Mint comes in two primary editions: a main edition, which includes proprietary codecs and plugins, and a light edition, which does not. Like Ubuntu, both versions use GNOME as the user interface, though there are other versions of Mint available which include Xfce and KDE.

I installed the main edition of Mint on my test machine, a system that includes an AMD Athlon 64 X2 3800+ processor, 2GB of RAM, and an Nvidia 7300GT video card. No 64-bit version is available, so I was forced to use the 32-bit version instead.

Mint, like Ubuntu, is released as a live CD with a graphical installer that you can use as soon as the live environment is finished loading. In fact, the installer is the same one that Ubuntu uses, with the name of the distribution in renamed to Linux Mint where needed. The install process for me took only around 10 minutes.

Mint 3.1, codenamed "Celena," contains a unique theme that comprises a customized boot, splash, GNOME Display Manager, and GTK themes. The boot graphics and GDM are nice, but the default Murrine theme is not on par with the rest of the eye candy. The default theme layout of Mint includes only one panel as opposed to the two panels used by Ubuntu and most other GNOME distributions. In addition, instead of using the default menu bar to display and launch available applications, Mint instead uses the "Mint Menu," which resembles SUSE's Slab menu, with all applications scrollable within a context box rather than all over the screen. I found it to be a refreshing change.

My first mission with Mint was to enable the closed source Nvidia driver in order to enjoy full hardware acceleration on my machine. In Ubuntu, I was accustomed to the Restricted Drivers Manager notifying me that a binary driver was available for my card, but Mint doesn't offer that. I noticed Envy, a script that eases the installation of proprietary Nvidia and ATI drivers, in my programs list, and used it to enable the Nvidia driver. With just a few clicks, Envy downloaded all the necessary software to compile the driver, and installed the latest version of it from Nvidia's site. Following Envy's request to reboot my machine, the driver was in place.

Mint also includes MintUpdate, a customized software update tool. MintUpdate sorts available updates in different levels, and enables only certain levels by default in an attempt to prevent an update from breaking the system. However, if you like, you can opt for the higher-level updates.
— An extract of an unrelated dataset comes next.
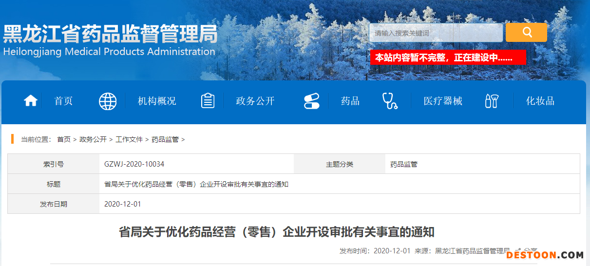 除黑龍江外,目前浙江、遼寧等地都已明確,取消藥店籌建審批。
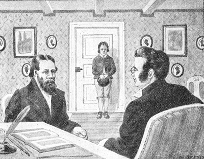 De bägge piltarna klevo fram, så gott de kunde i trängseln och ställde sig frimodigt framför prosten.

Next, I tested the included codecs and plugins by playing several types of media, including videos on CNN and YouTube (Flash), as well as MP3 and OGG files. DVD support is also enabled out of the box and gave me no issues. Each media type I tried worked as expected without the need to configure anything manually. Even though having most if not all types of media enabled out of the box is nice, recent releases of Ubuntu itself make that easier.

Although Mint's boot process takes noticeably longer than Ubuntu's, the overall speed of the system is just as fast, and the system itself is just as stable as you'd expect any distribution of Linux to be. When it comes to performance while playing games, glxgears displayed the same frame rate as I would normally expect from my card, though I didn't find any games installed by default. Since Mint utilizes the same software sources as Ubuntu, however, installing Neverball and Chromium, two of my favorite Linux games, was effortless using APT.

On the downside

Unfortunately my experience with Mint was not without problems. First, while running the install, I clicked on the button to display the release notes, but instead of seeing them, I was taken to the front page of Mint's site.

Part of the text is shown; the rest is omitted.